Actin cytoskeleton in plants: From transport networks to signaling networks

Abstract

The plant actin cytoskeleton is characterized by a high diversity in regard to gene families, isoforms, and degree of polymerization. In addition to the most abundant F‐actin assemblies like filaments and their bundles, G‐actin obviously assembles in the form of actin oligomers composed of a few actin molecules which can be extensively cross‐linked into complex dynamic meshworks. The role of the actomyosin complex as a force generating system — based on principles operating as in muscle cells — is clearly established for long‐range mass transport in large algal cells and specialized cell types of higher plants. Extended F‐actin networks, mainly composed of F‐actin bundles, are the structural basis for this cytoplasmic streaming of high velocities On the other hand, evidence is accumulating that delicate meshworks built of short F‐actin oligomers are critical for events occurring at the plasma membrane, e.g., actin interventions into activities of ion channels and hormone carriers, signaling pathways based on phospholipids, and exo‐ and endocytotic processes.

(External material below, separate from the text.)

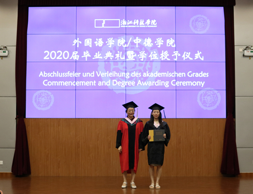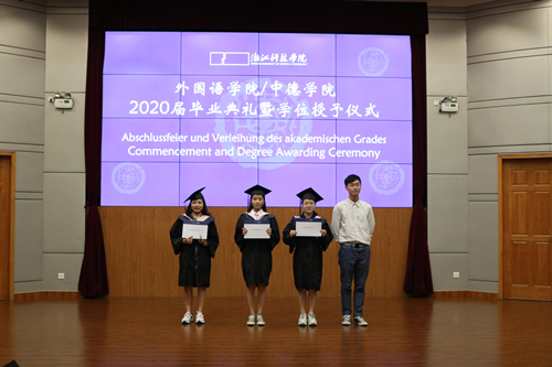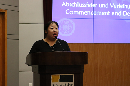 在学位授予仪式环节,每位毕业生依次上台,由校学位委员会委员、学院院长朱吉梅教授拨穗并合影留念。

These unique F‐actin arrays, constructed by polymerization‐depolymerization processes propelled via synergistic actions of actin‐binding proteins such as profilin and actin depolymerizing factor (ADF)/cofilin are supposed to be engaged in diverse aspects of plant morphogenesis. Finally, rapid rearrangements of F‐actin meshworks interconnecting endocellular membranes turn out to be especially important for perception‐signaling purposes of plant cells, e.g., in association with guard cell movements, mechano‐ and gravity‐sensing, plant host–pathogen interactions, and wound‐healing. Microsc. Res. Tech. 47:135–154, 1999.